Christopher O'Dell

OCO-2, launched in 2014, uses reflected solar spectra and other retrieved geophysical variables to estimate (“retrieve”) the column averaged dry air mole fraction of CO2, termed XCO2. A critical issue in satellite estimates of trace greenhouse gasses and remote sensing at large is the error distribution of an estimated target variable which arises from instrument artifacts as well as the under-determined nature of the retrieval of the quantities of interest. A large portion of the error is often incurred during inference from measurement of retrieved physical variables. These residual errors are typically corrected using ground truth observations of the target variable or some other truth proxy.

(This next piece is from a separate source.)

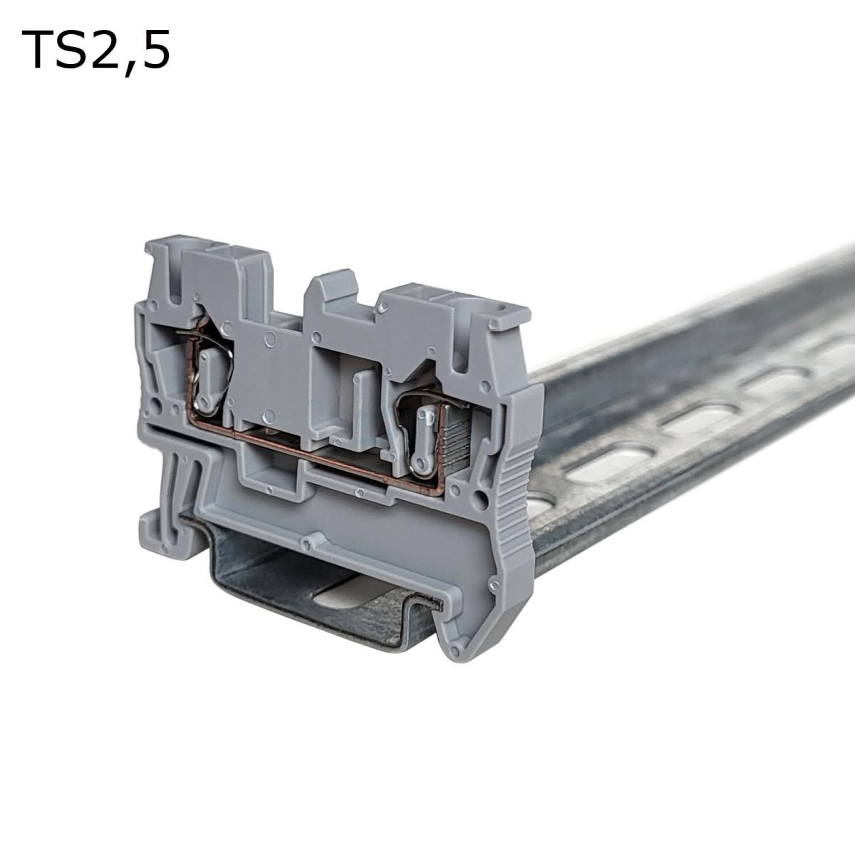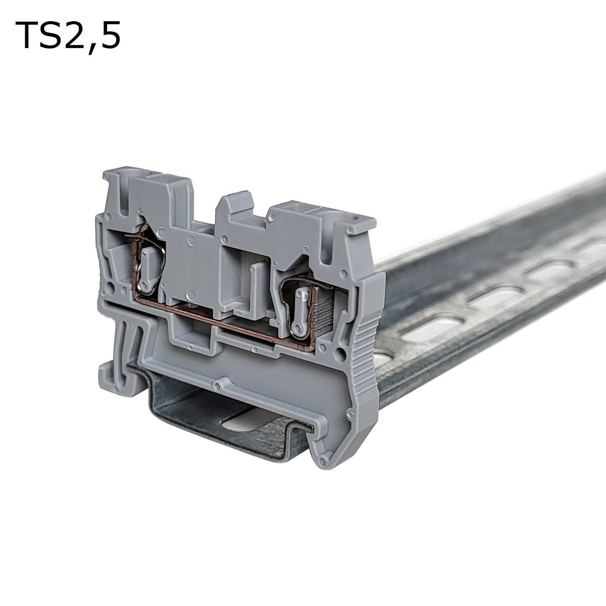 Клемма пружинная проходная 2 контакта 2,5 мм2, серая

Previous studies used multilinear regression to model the error distribution with a few covariates from the retrieved state vector, sometimes termed “features.” This presentation will cover the bias correction of XCO2 error attributed to retrieved covariates with a novel approach utilizing explainable Machine Learning methods (XAI) on simulated sounding retrievals from GeoCarb. Utilization of non-linear models (Zhou, Grassotti 2020) or models that can capture non-linearity implicitly (Lorente et al. 2021) have been shown to improve on linear methods in operation. Our approach uses a gradient boosted decision tree ensemble method, XGBoost, that captures non-linear relations between input features and the target variable. XGBoost also incorporates regularization to prevent overfitting, while also remaining resilient to noise and large outliers – a feature missing from other ensemble DT methods. Decision Tree based models provide inherent feature importance that allows for high interpretability. We also approach post training analysis with model agnostic, explainable methods (XAI). XAI methods allow for rigorous insight into the causes of a model’s decision (Gilpin et al. 2018). By applying these techniques, we will demonstrate our approach provides reduced residual errors relative to the operational method as well as yielding an uncertainty estimate in bias corrected XCO2, which is currently not treated separately from the posterior uncertainty estimate derived from the retrieval algorithm.